**WORK ITEM:** Line by line, copy the records below exactly and leave the pictures out.

**DATASET RECORDS:**
══════════

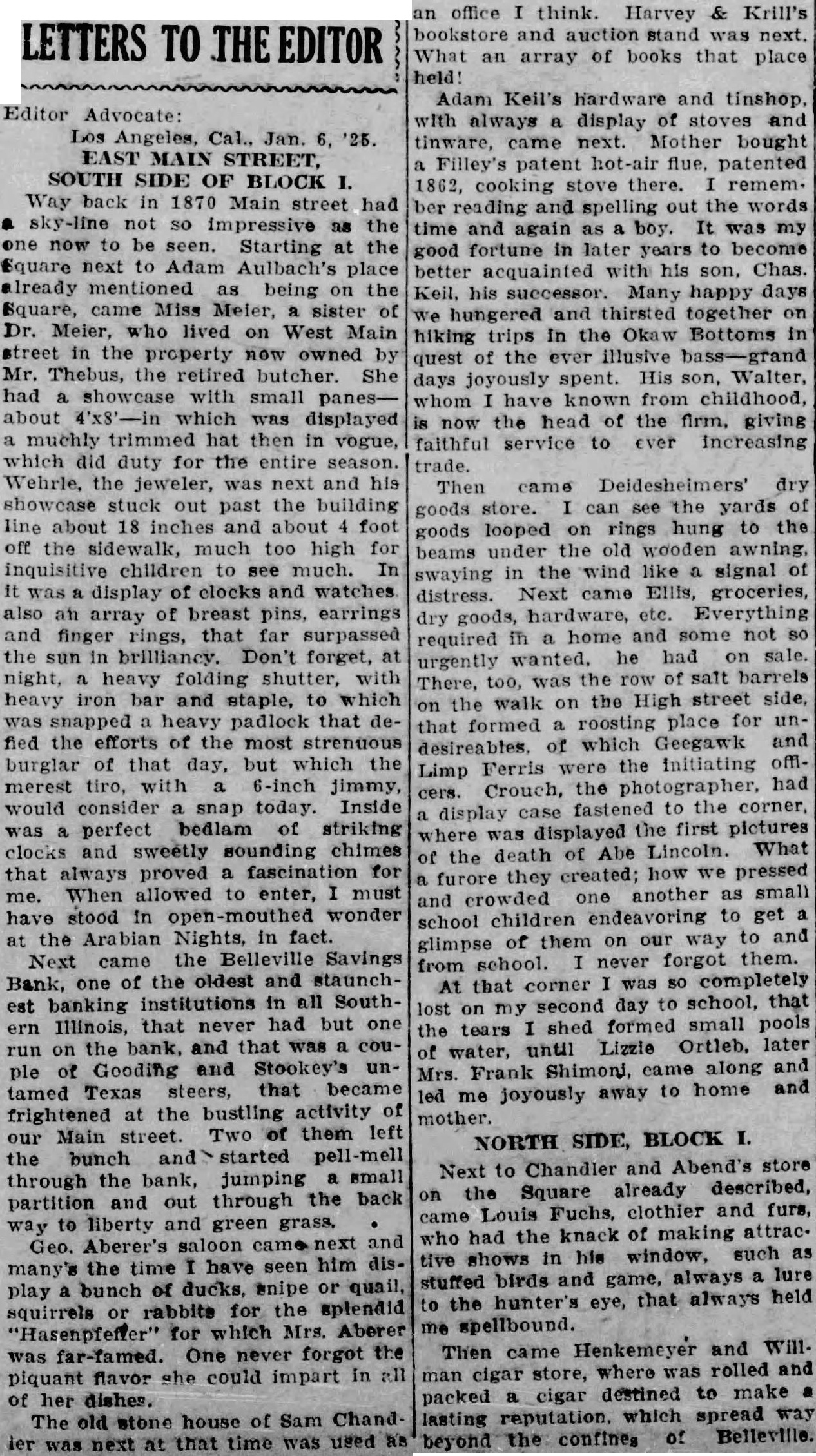 LETTERS TO THE EDITOR Editor Advocate: Los Angeles, Cal., Jan. 6, '25. EAST MAIN STREET, SOUTH SIDE OF BLOCK I. Way back in 1870 Main street had sky-line not so impressive as the now be seen. Starting at the Square next to Adam Aulbach's place already mentioned being on the Square, came Miss Meier, sister of Dr. Meier, who lived on West Main street in the property now owned by Mr. Thebus, the retired butcher. She had showcase with small panesabout 4'x8'-in which was displayed muchly trimmed hat then in vogue, which did duty for the entire season. Wehrle, the jeweler, was next and his showcase stuck out past the building line about 18 inches and about foot off the sidewalk, much too high for inquisitive children to see much. In It was display of clocks and watches also an array of breast pins, earrings and finger rings, that far surpassed the sun brilliancy. Don't forget, at night, heavy folding shutter, with heavy iron bar and staple, to which snapped heavy padlock that defied the efforts of the most strenuous burglar of that day, but which the merest tiro, with 6-inch jimmy, would consider snap today. Inside was perfect bedlam of striking clocks and sweetly sounding chimes that always proved fascination for me. When allowed to enter, must have stood in open-mouthed wonder at the Arabian Nights, in fact. Next came the Belleville Savings Bank, one of the oldest and staunchest banking institutions in all Southern Illinois, that never had but one run on the bank, and that was couple of Gooding and Stookey's untamed Texas steers, that became frightened at the bustling activity of our Main street. Two of them left the bunch and started pell-mell through the bank, jumping small partition and out through the back way to liberty and green grass. Geo. Aberer's saloon came and many's the time have seen him play a bunch of ducks, enipe or quail, squirrels or rabbits for the spiendid "Hasenpfener" for which Mrs. Aberer was far-famed. One never forgot the piquant flavor she could impart in all of her dishes. The old stone house of Sam Chand ier was next at that time was used as an office I think. Harvey & Krill's bookstore and auction stand next. What an array of books that place held! Adam Keil's hardware and tinshop, with always a display of and tinware, came next. Mother bought Filley's patent hot-air flue, patented 1862, cooking stove there. remem. ber reading and spelling out the words time and again as a boy. It was my good fortune in later years to become better acquainted with his son, Chas. Keil, successor. Many happy days We hungered and thirsted together on hiking trips In the Okaw Bottoms in quest the ever illusive bass-grand days joyously spent. His son, Walter, whom have known from childhood, now the head of the firm, giving faithful service to ever increasing trade. Then came Deidesheimers' dry goods store. can see the yards of goods looped on rings hung to the beams under the old wooden awning. swaying in the wind like signal of distress. Next came Ellis, grocerles, dry goods, hardware, etc. Everything required in home some not so urgently wanted, he had on sale. There, too, was the row of salt barrels on the walk on the High street side, that formed a roosting place for undesireables. of which Geegawk and Limp Ferris were the initiating officers. Crouch, the photographer, had display case fastened to the corner, where displayed the first pictures of the death of Abe Lincoln. What furore they created; how we pressed and crowded one another as small school children endeavoring to get glimpse of them on our to and from school. never forgot them. At that corner was so completely lost on my second day to school, that the tears shed formed small pools of water, until Lizzie Ortleb, later Mrs. Frank Shimoni, came along and led me joyously away to home and mother. NORTH SIDE, BLOCK I. Next to Chandler and Abend's store on the Square already described, came Louis Fuchs, clothier and furs, who had the knack of making attractive shows in his window, such as stuffed birds and game, always lure to the hunter's eye, that always held me spellbound. Then came Henkemeyer and Willman cigar store, where rolled and packed cigar destined to make lasting reputation. which spread way confines of Belleville. beyond the
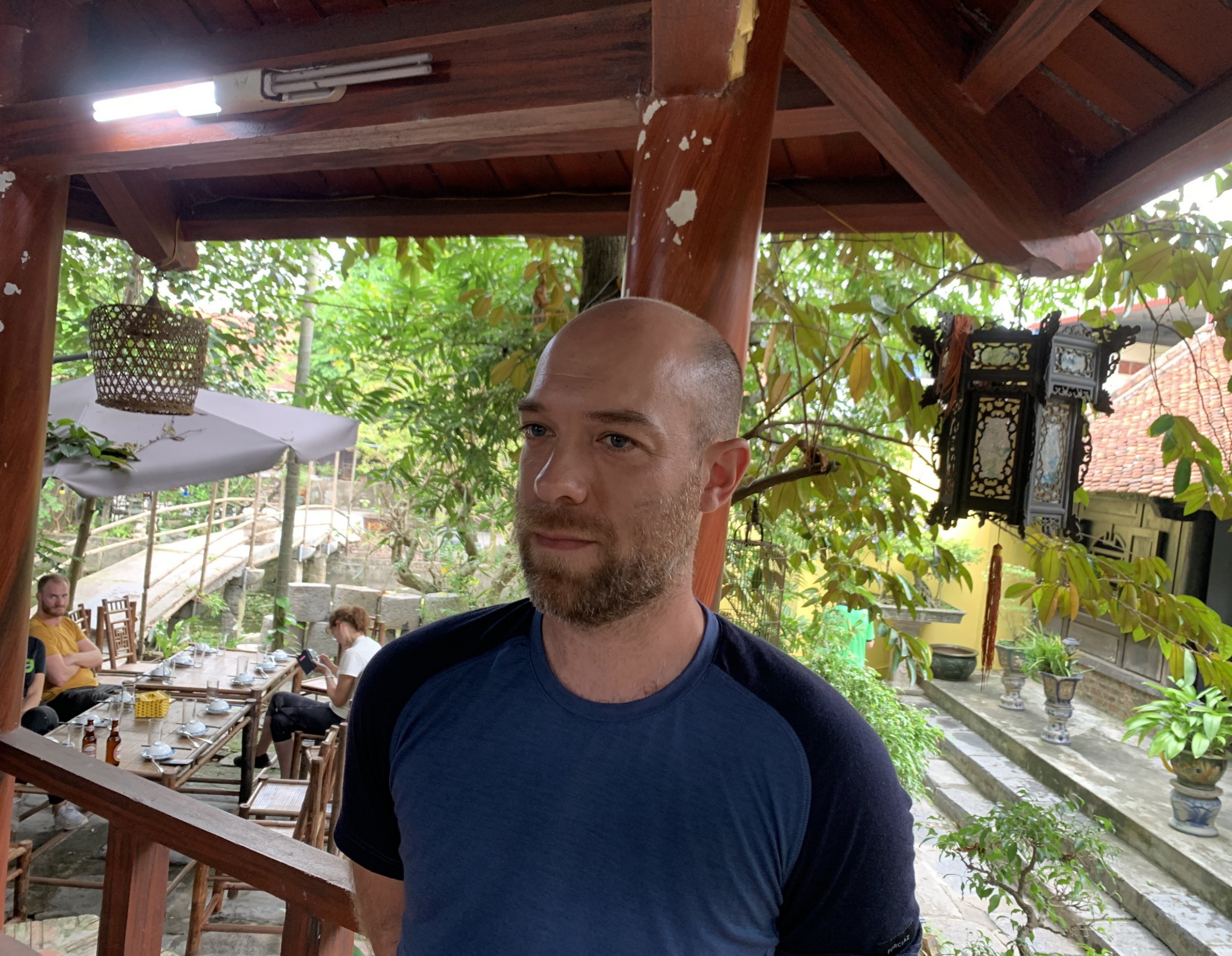 Anh Saiseau Camille đến từ Toulouse, Pháp lưu trú tại Ecohost- khu nghỉ dưỡng còn lưu giữ kiến trúc Pháp cổ. - Ảnh Hà Linh |
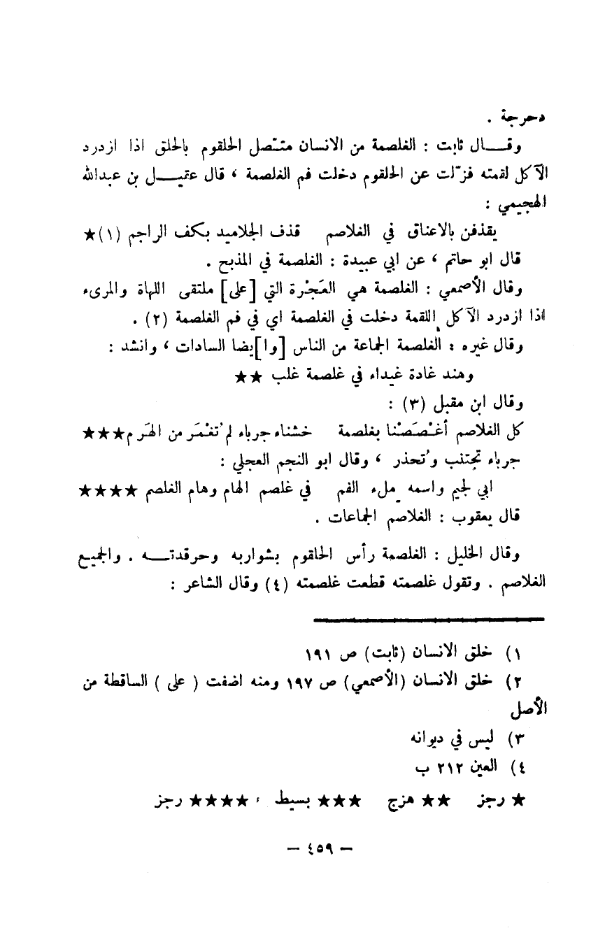 وقال ثابت: الغلصمة من الإنسان متّصل الحلقوم بالحلق إذا ازدرد الآكل لقمته فزلّت عن الحلقوم دخلت فم الغلصمة، قال عقيل بن عبد الله الهجيمي:
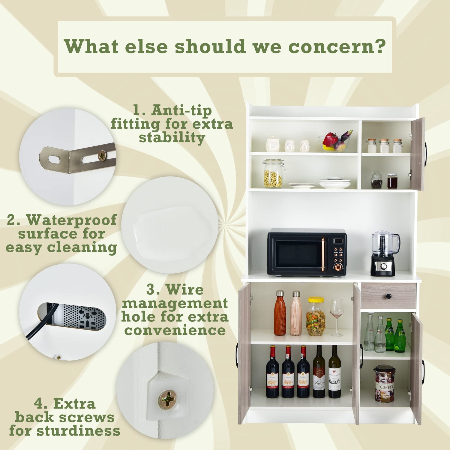 LOKO Kitchen Pantry Storage Cabinet, Kitchen Buffet with Hutch with Adjustable Shelves and Cable Management Hole, Tall Kitchen Hutch with Anti-tip Devices, 39.5 x 15.5 x 71 inches (White)
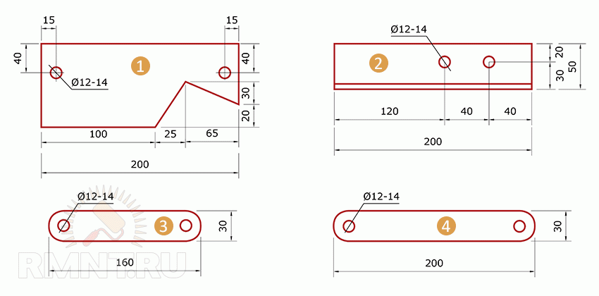 Это самый ответственный элемент конструкции. Для его изготовления понадобится: стальной уголок, пластина и полосы толщиной не менее 3 мм. Форма деталей понятна из схемы, но размеры места сверловки следует определить индивидуально, исходя из ситуации по месту. Изготовленные детали должны быть качественными, их следует зачистить и обработать кромки.
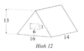 Một khối bê tông hình lăng trụ đứng tam giác, bên trong khoét một cái lỗ có kích thước như Hình 12 (đơn vị dm). Tính thể tích của khối bê tông.
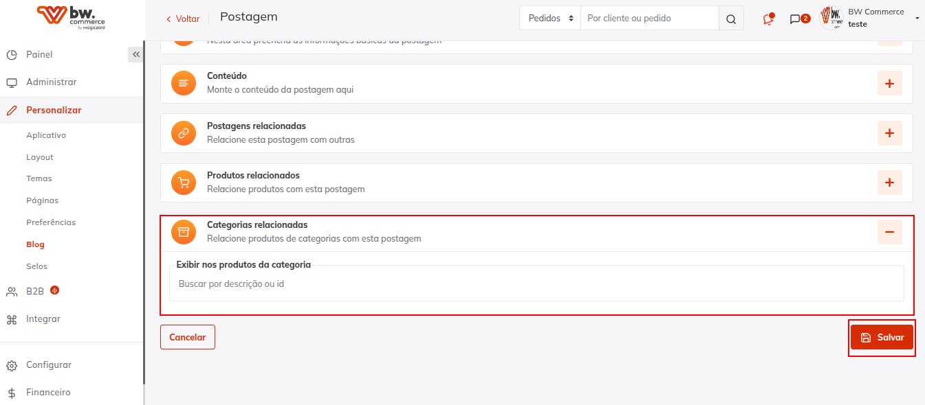 Passo 01) Acesse o painel administrativo da BW Commerce e selecione Personalizar > Blog > Categorias:
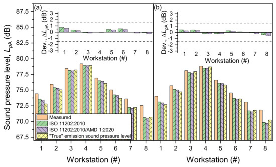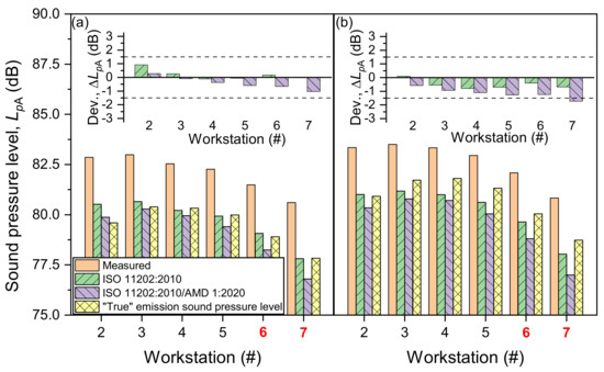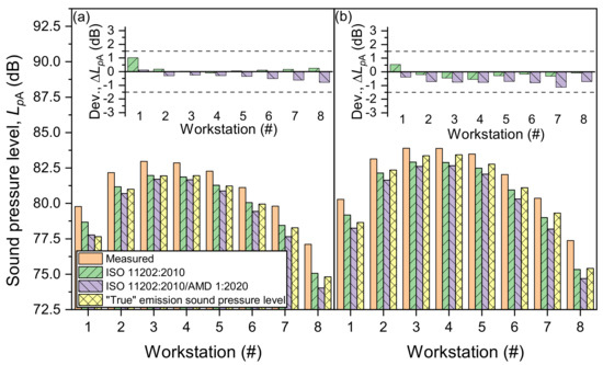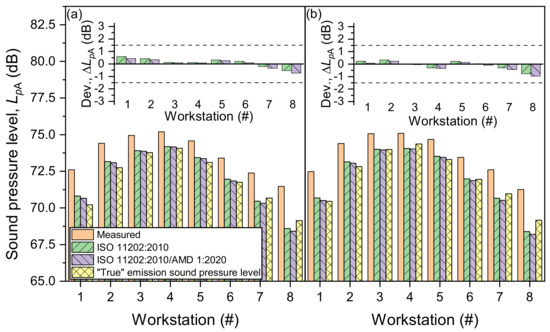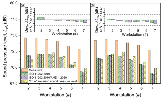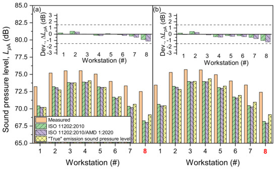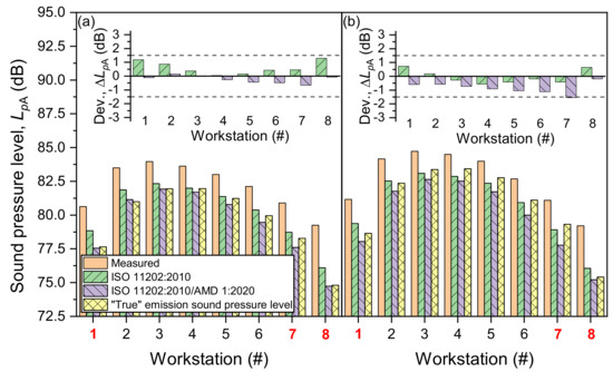 However, the deviations between the “true” and the determined sound pressure level increased compared to a distance of . Here, the maximum deviations between the “true” and the determined were slightly larger when using the amended standard [17]. The numbers of the workstations (eight at both heights) with accuracy grade 3 (see Equation (4)) are marked in red in Figure 10.
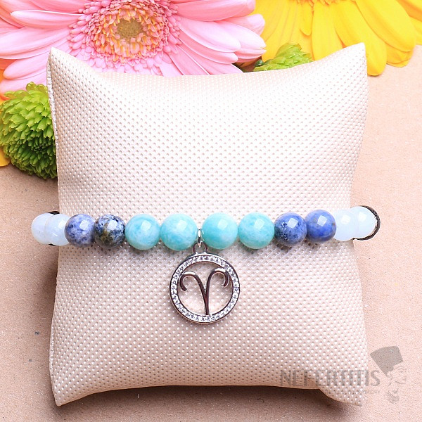 Author's bracelet for people born in the sign of BERAN. The personal stones of Aries have a turquoise color. Typical qualities are combativeness and leadership skills, courage and determination. Rams are easy to learn, have an excellent memory and can say the right things at the right time. They are sincere. Aquamarine, amazonite, dumortierite in combination with lava beads and glittering applications in Svarowski style. The sign of the Zodiac is made of cubic zirconia, which shines beautifully with every movement thanks to the cut surfaces of zircons. This is one of our designer jewelry that you will not find anywhere else. Bead size approx. 8 - 9 mm, strung on a high-quality nylon rubber band of neutral color. Czech handmade.
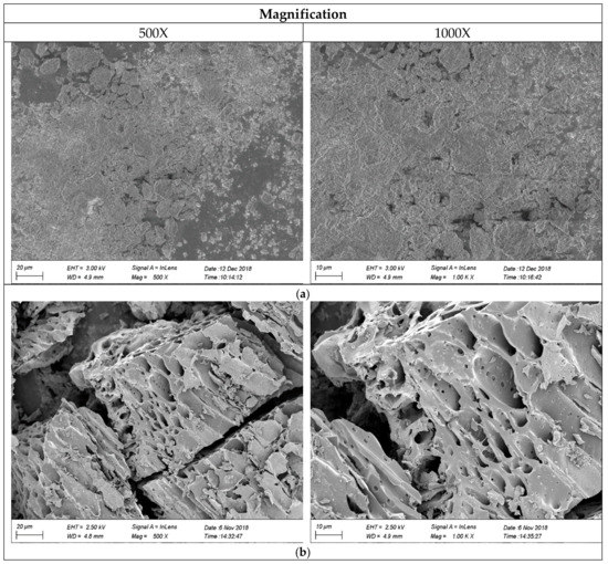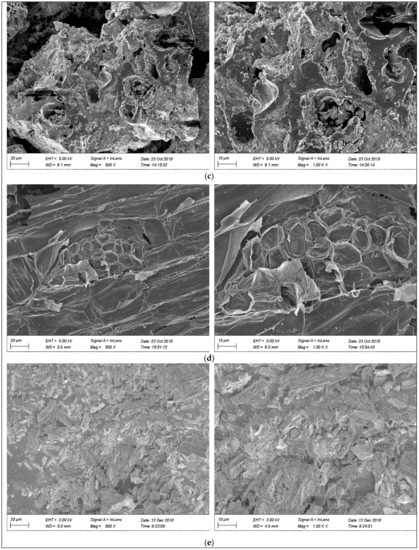 Figure 2a–h shows the SEM micrographs of biochars at two magnifications (i.e., 500×, 1000×). SEM images of pig manure biochar (Figure 2b) display a large porous and foam-like structure (but the greater size particles may result in lower surface-to-volume ratio in the biochar). Cedar wood biochar (Figure 2d) shows a layered structure in accordance with water hyacinth and algae biochar (Figure 2e,f) at 300 °C. The planar cleavage and smoothened surface of the water hyacinth and algae biochar may be due to volatilization of all hydrocarbons. The effect of temperature can be clearly seen in biochars produced from water hyacinth (Figure 2e–g) and Sargassum horneri algae (Figure 2f–h). As observed, the rise in temperature will result in carbonization of biomass, that will in turn result in a release of volatile matter from char generating higher pores and surface area. Thus, the biochar produced at 600 °C can be seen to be further inerratic and flat, in comparison to the biochar produced at lower temperature, with several micro pores on the surface, demonstrating an increase in surface area and thereby providing additional sites for adsorption, nutrients, and water retention. Rice straw biochars (refer Figure 2c) have a small pyramidal (hollow and porous) structure, with a high surface-to-volume ratio making it suitable for high adsorption.
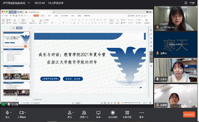 为期两天的夏令营落下帷幕,来自全国的优秀大学生们通过学科介绍、学术报告、“云”游紫金港、成长对话等活动,拓宽了学术视野、增强了科研兴趣、提升了学术认知。期待营员们来年齐聚求是园,携手浙大教院,共筑新时代教育梦!

══════════

**COMPLETED TASK:**
 LETTERS TO THE EDITOR Editor Advocate: Los Angeles, Cal., Jan. 6, '25. EAST MAIN STREET, SOUTH SIDE OF BLOCK I. Way back in 1870 Main street had sky-line not so impressive as the now be seen. Starting at the Square next to Adam Aulbach's place already mentioned being on the Square, came Miss Meier, sister of Dr. Meier, who lived on West Main street in the property now owned by Mr. Thebus, the retired butcher. She had showcase with small panesabout 4'x8'-in which was displayed muchly trimmed hat then in vogue, which did duty for the entire season. Wehrle, the jeweler, was next and his showcase stuck out past the building line about 18 inches and about foot off the sidewalk, much too high for inquisitive children to see much. In It was display of clocks and watches also an array of breast pins, earrings and finger rings, that far surpassed the sun brilliancy. Don't forget, at night, heavy folding shutter, with heavy iron bar and staple, to which snapped heavy padlock that defied the efforts of the most strenuous burglar of that day, but which the merest tiro, with 6-inch jimmy, would consider snap today. Inside was perfect bedlam of striking clocks and sweetly sounding chimes that always proved fascination for me. When allowed to enter, must have stood in open-mouthed wonder at the Arabian Nights, in fact. Next came the Belleville Savings Bank, one of the oldest and staunchest banking institutions in all Southern Illinois, that never had but one run on the bank, and that was couple of Gooding and Stookey's untamed Texas steers, that became frightened at the bustling activity of our Main street. Two of them left the bunch and started pell-mell through the bank, jumping small partition and out through the back way to liberty and green grass. Geo. Aberer's saloon came and many's the time have seen him play a bunch of ducks, enipe or quail, squirrels or rabbits for the spiendid "Hasenpfener" for which Mrs. Aberer was far-famed. One never forgot the piquant flavor she could impart in all of her dishes. The old stone house of Sam Chand ier was next at that time was used as an office I think. Harvey & Krill's bookstore and auction stand next. What an array of books that place held! Adam Keil's hardware and tinshop, with always a display of and tinware, came next. Mother bought Filley's patent hot-air flue, patented 1862, cooking stove there. remem. ber reading and spelling out the words time and again as a boy. It was my good fortune in later years to become better acquainted with his son, Chas. Keil, successor. Many happy days We hungered and thirsted together on hiking trips In the Okaw Bottoms in quest the ever illusive bass-grand days joyously spent. His son, Walter, whom have known from childhood, now the head of the firm, giving faithful service to ever increasing trade. Then came Deidesheimers' dry goods store. can see the yards of goods looped on rings hung to the beams under the old wooden awning. swaying in the wind like signal of distress. Next came Ellis, grocerles, dry goods, hardware, etc. Everything required in home some not so urgently wanted, he had on sale. There, too, was the row of salt barrels on the walk on the High street side, that formed a roosting place for undesireables. of which Geegawk and Limp Ferris were the initiating officers. Crouch, the photographer, had display case fastened to the corner, where displayed the first pictures of the death of Abe Lincoln. What furore they created; how we pressed and crowded one another as small school children endeavoring to get glimpse of them on our to and from school. never forgot them. At that corner was so completely lost on my second day to school, that the tears shed formed small pools of water, until Lizzie Ortleb, later Mrs. Frank Shimoni, came along and led me joyously away to home and mother. NORTH SIDE, BLOCK I. Next to Chandler and Abend's store on the Square already described, came Louis Fuchs, clothier and furs, who had the knack of making attractive shows in his window, such as stuffed birds and game, always lure to the hunter's eye, that always held me spellbound. Then came Henkemeyer and Willman cigar store, where rolled and packed cigar destined to make lasting reputation. which spread way confines of Belleville. beyond the
 Anh Saiseau Camille đến từ Toulouse, Pháp lưu trú tại Ecohost- khu nghỉ dưỡng còn lưu giữ kiến trúc Pháp cổ. - Ảnh Hà Linh |
 وقال ثابت: الغلصمة من الإنسان متّصل الحلقوم بالحلق إذا ازدرد الآكل لقمته فزلّت عن الحلقوم دخلت فم الغلصمة، قال عقيل بن عبد الله الهجيمي:
 LOKO Kitchen Pantry Storage Cabinet, Kitchen Buffet with Hutch with Adjustable Shelves and Cable Management Hole, Tall Kitchen Hutch with Anti-tip Devices, 39.5 x 15.5 x 71 inches (White)
 Это самый ответственный элемент конструкции. Для его изготовления понадобится: стальной уголок, пластина и полосы толщиной не менее 3 мм. Форма деталей понятна из схемы, но размеры места сверловки следует определить индивидуально, исходя из ситуации по месту. Изготовленные детали должны быть качественными, их следует зачистить и обработать кромки.
 Một khối bê tông hình lăng trụ đứng tam giác, bên trong khoét một cái lỗ có kích thước như Hình 12 (đơn vị dm). Tính thể tích của khối bê tông.
 Passo 01) Acesse o painel administrativo da BW Commerce e selecione Personalizar > Blog > Categorias:
 However, the deviations between the “true” and the determined sound pressure level increased compared to a distance of . Here, the maximum deviations between the “true” and the determined were slightly larger when using the amended standard [17]. The numbers of the workstations (eight at both heights) with accuracy grade 3 (see Equation (4)) are marked in red in Figure 10.
 Author's bracelet for people born in the sign of BERAN. The personal stones of Aries have a turquoise color. Typical qualities are combativeness and leadership skills, courage and determination. Rams are easy to learn, have an excellent memory and can say the right things at the right time. They are sincere. Aquamarine, amazonite, dumortierite in combination with lava beads and glittering applications in Svarowski style. The sign of the Zodiac is made of cubic zirconia, which shines beautifully with every movement thanks to the cut surfaces of zircons. This is one of our designer jewelry that you will not find anywhere else. Bead size approx. 8 - 9 mm, strung on a high-quality nylon rubber band of neutral color. Czech handmade.
 Figure 2a–h shows the SEM micrographs of biochars at two magnifications (i.e., 500×, 1000×). SEM images of pig manure biochar (Figure 2b) display a large porous and foam-like structure (but the greater size particles may result in lower surface-to-volume ratio in the biochar). Cedar wood biochar (Figure 2d) shows a layered structure in accordance with water hyacinth and algae biochar (Figure 2e,f) at 300 °C. The planar cleavage and smoothened surface of the water hyacinth and algae biochar may be due to volatilization of all hydrocarbons. The effect of temperature can be clearly seen in biochars produced from water hyacinth (Figure 2e–g) and Sargassum horneri algae (Figure 2f–h). As observed, the rise in temperature will result in carbonization of biomass, that will in turn result in a release of volatile matter from char generating higher pores and surface area. Thus, the biochar produced at 600 °C can be seen to be further inerratic and flat, in comparison to the biochar produced at lower temperature, with several micro pores on the surface, demonstrating an increase in surface area and thereby providing additional sites for adsorption, nutrients, and water retention. Rice straw biochars (refer Figure 2c) have a small pyramidal (hollow and porous) structure, with a high surface-to-volume ratio making it suitable for high adsorption.
 为期两天的夏令营落下帷幕,来自全国的优秀大学生们通过学科介绍、学术报告、“云”游紫金港、成长对话等活动,拓宽了学术视野、增强了科研兴趣、提升了学术认知。期待营员们来年齐聚求是园,携手浙大教院,共筑新时代教育梦!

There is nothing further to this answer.